Plasmids, constructs and oligonucleotides
All plasmids and constructs described in this work are summarized in Table S5. The oligonucleotides are listed in Table S6.
Fragment containing gapdh promoter was digested from previously published plasmid pGWS137063 and cloned into pCRISPR-cBEST34 via the same restriction sites to generated pGWS1384, where the expression of Cas9n (D10A), cytidine deaminase and uracil-DNA glycosylase inhibitor (UGI) were under the control of gapdh promoter instead of tipA promoter. Spacers of each targeted gene were selected on CRISPy-web64 and cloned into NcoI-digested pGWS1384 via single strand DNA (ssDNA) oligo bridging method. Single strand DNA (ssDNA) oligos SCO4048_W55 and SCO4048_Q68b were used to generate SCO4048 knockout constructs pGWS1582 and pGWS1584, respectively. Similarly, SCO4049 knockout construct pGWS1585 was created using oligo SCO4049_W61. SCO4050 knockout constructs pGWS1598 and pGWS1590 were created employing oligos SCO4050_W43 and SCO4050_Q91, respectively. All the generated knockout constructs were validated by Sanger sequencing using primer sg_T7_R_SnaBI.
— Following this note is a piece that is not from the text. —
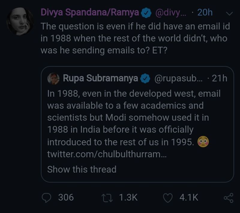 மேலும், பிரதமர் மோடி குறிப்பிட்ட காலகட்டத்தில் மின்னஞ்சலும் வெகுஜன பயன்பாட்டுக்கு வரவில்லை. இதன்மூலம், இந்த நேர்காணலின் இந்த பகுதியை குறிப்பிட்டு டிவிட்டர்வாசிகள் விமரிசனம் செய்தும் கலாய்த்தும் வருகின்றனர்.

For the complementation of SCO4048 null mutant, pGWS1596 was used, an integrative vector based on pSET152 and harboring SCO4048 under the control of gap promoter. The gap promoter and the entire coding region (+1/+724) of SCO4048 were amplified from S. coelicolor M145 genomic DNA using primer pairs Pgap_F and Pgap_R, and SO4048_F and SCO4048_R, respectively. Fragments were cloned into EcoRI and XbaI digested pSET152 via Gibson assembly to generate pGWS1596. Similarly, pGWS1597 and pGWS1598 were created for the complementation of SCO4049 and SCO4050 null mutants, respectively. The coding region (+1/+2347) of SCO4049 in pGWS1597 was amplified using primers SCO4049_F and SCO4049_R, while the coding region (+1/+619) of SCO4050 in pGWS1598 was amplified using primer pair SCO4050_F and SCO4050_R.
COMPETING INTEREST STATEMENT
M.H.M. is a member of the Scientific Advisory Board of Hexagon Bio.
ACKNOWLEDGEMENTS
The work was supported by the European Union via ERC Advanced Grant 101055020-COMMUNITY to G.P.v.W. and ERC Starting Grant 948770-DECIPHER to M.H.M.